I used to spend too much time mopping up basic content mistakes and untangling spaghetti-like UI copy prone to human error. VERBI removes those errors at the source. The real advantage is speed: we get from blank slate to a high-quality first draft quickly, which means we can spend our energy deciding whether the content is right, not just “good enough.” Design is the whole interface—words, visuals, interactions—so reviews now happen with real content, never “copy TBD.” Our principle to sweat the details applies equally whether work is human-made or AI-assisted.
Knee-jerk critiques of AI-driven content design often assume teams generate content from nothing and ship it. In reality, great AI is the outcome of great human decisions and strong systems. Its value is pulling us together faster—getting us to a complete, standards-compliant design we can review as a team before sharing it with the world. That’s how AI helps us win: by turning chaos into consistency, and consistency into velocity.
Over the past year, I’ve been shipping agentic AI into production and coaching product teams on what it really takes to make these systems trustworthy in the wild. One story that crystallizes the playbook comes from Trainline’s move to an agentic architecture for travel assistance—an approach that mirrors what I’ve seen work in high-stakes, real-time customer experiences.
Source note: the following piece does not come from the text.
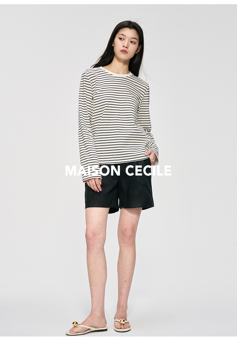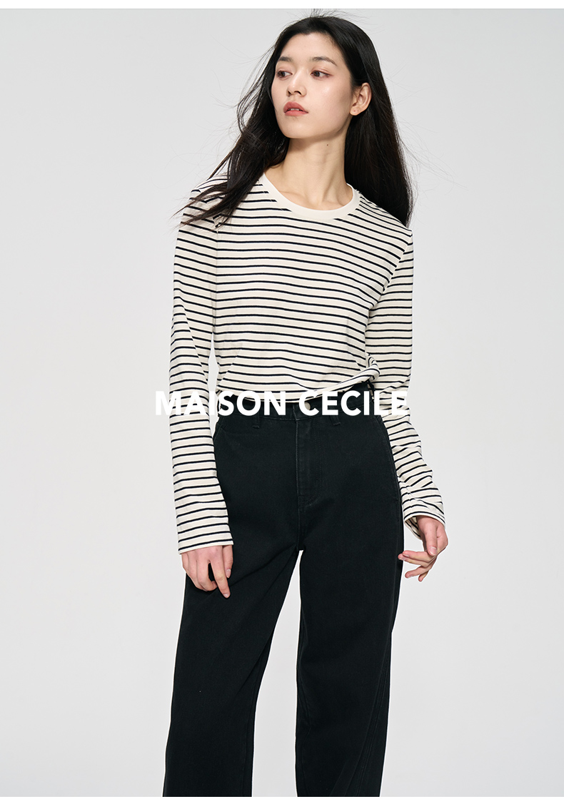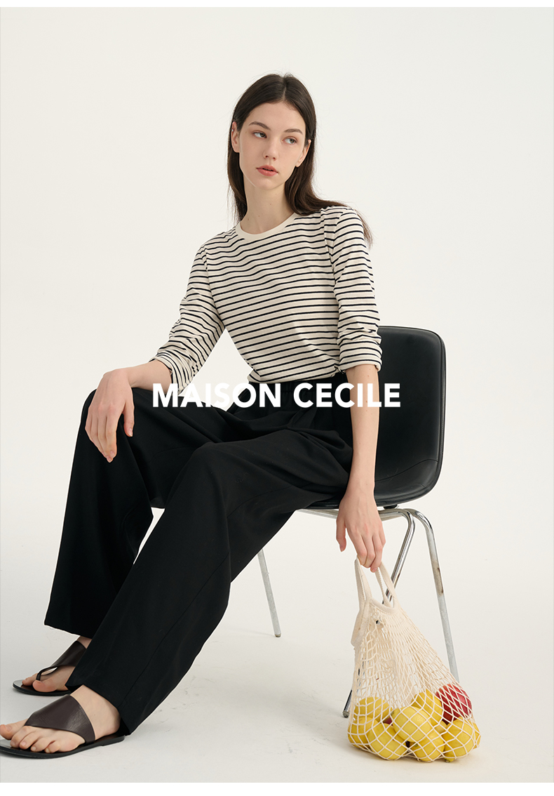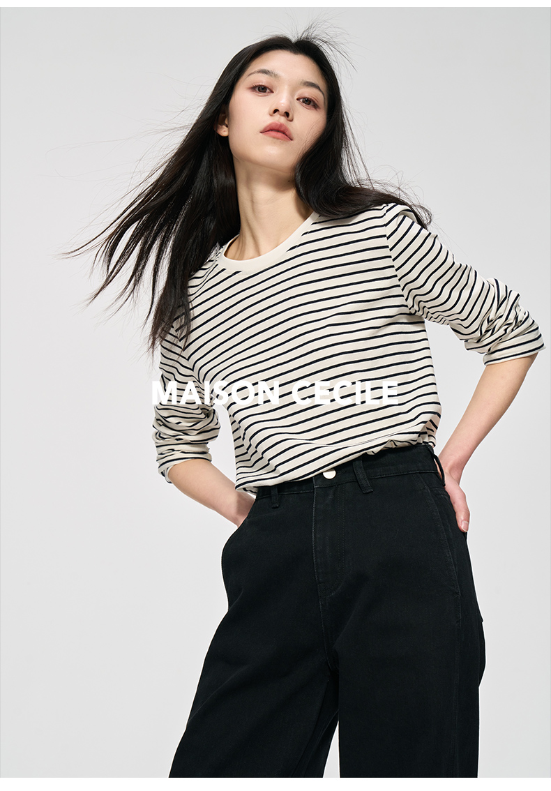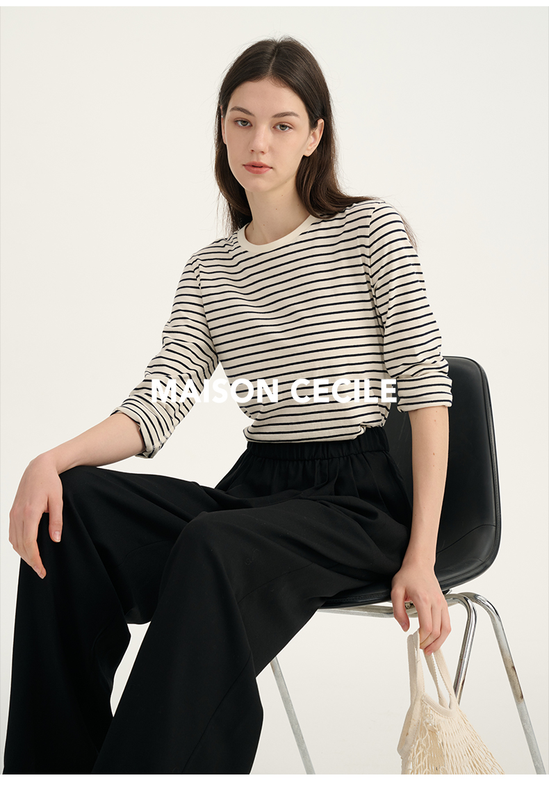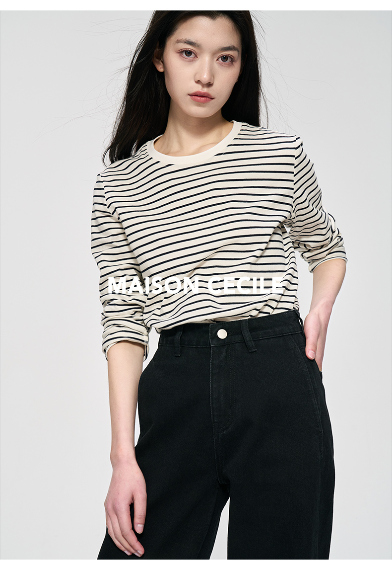 MAISON CECILE经典法式黑白条纹全棉长袖上衣

Trainline—the world’s leading rail and coach platform—helps millions of travelers get from point A to point B. Now, they’re using AI to make every step of the journey smoother.
I studied how "David Eason (Principal Product Manager) Billie Bradley (Product Manager), and Matt Farrelly (Head of AI and Machine Learning)" approached the build of "Travel Assistant, an AI-powered travel companion that helps customers navigate disruptions, find real-time answers, and travel with confidence." Their work exemplifies the kind of end-to-end thinking required to move beyond demos into dependable, on-the-go assistance.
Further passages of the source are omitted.